On the flip-side, reviewing a limited set of disclosures can also result in over-refunding fees in an attempt to address suspected tolerance errors, which can have a large impact on profits.
Q. What has ComplianceEase done to help lenders with these issues?
A. For more than 18 months, we worked on the design and launch of our new TRID Monitor module within ComplianceAnalyzer so we could help lenders comply with the extensive requirements under TRID. Depending on a lender’s workflow needs, lenders can use ComplianceAnalyzer to check just the latest terms and fees on any single TRID disclosure or use TRID Monitor to track changes in fees and terms throughout the origination and closing processes. TRID Monitor also audits tolerance across all disclosures and changed circumstances, and tracks post-consummation disclosures, including those with a cure to the borrower.
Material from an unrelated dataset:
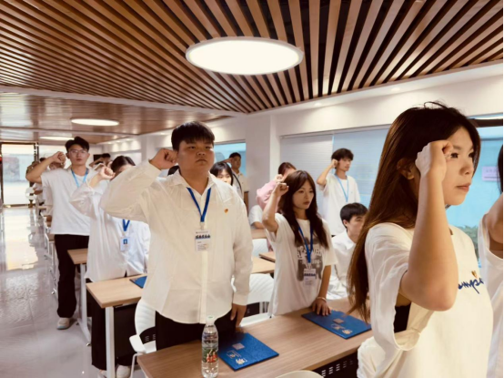 信息工程团总支负责人廖丹老师带领团总支学生会新老团员进行入团宣誓:

In addition, ComplianceAnalyzer with TRID Monitor maintains a complete audit trail throughout the loan origination lifecycle for evidence of TRID compliance.
We’re also working on some technology solutions to improve lender and settlement agent communication and data exchange to reduce risk and cure loan defects before closing. We think that will emerge as a significant source of compliance issues in the coming months.
Q. What’s the next big challenge that the mortgage industry is going to face and how will ComplianceEase help their clients prepare?
A. The final Home Mortgage Disclosure Act (HMDA) rule, due any day now, will be a significant challenge for lenders who have been lax with their HMDA reporting and not consistent with their own internal data analysis. Under the current rule, reporting institutions must submit their annual loan application register (LAR) reports each March. The proposed rule will require institutions that reported 75,000 or more covered loans, applications, and purchased loans combined in the previous year to file reports on a quarterly basis, within 60 calendar days of the end of each calendar quarter.
In addition, the bureau is planning to expand the information reported on each loan application with additional data elements, such as debt-to-income ratio (DTI), combined loan-to-value ratio (CLTV), the automated underwriting system (AUS) used and results, denial reasons (which, under current rules, are optional), Qualified Mortgage (QM) status, additional rate and points and fees information, manufactured housing data and unique financial institution identification number. These new requirements will not only add to the already high cost of compliance, but will also expand potential fair lending liability for covered institutions.
We’ve been advocating HMDA reporting best practices that include LAR data processing as an ongoing — rather than once a year — activity. We believe that by regularly collecting and reviewing required HMDA data, lenders will be able to spot potential red flags early on and address them before an examiner sees them and before they constitute a pattern —decreasing cost and risk. This regular review will be a mandatory activity for larger lenders and a highly necessary activity for all lenders, if the proposed rules are adopted.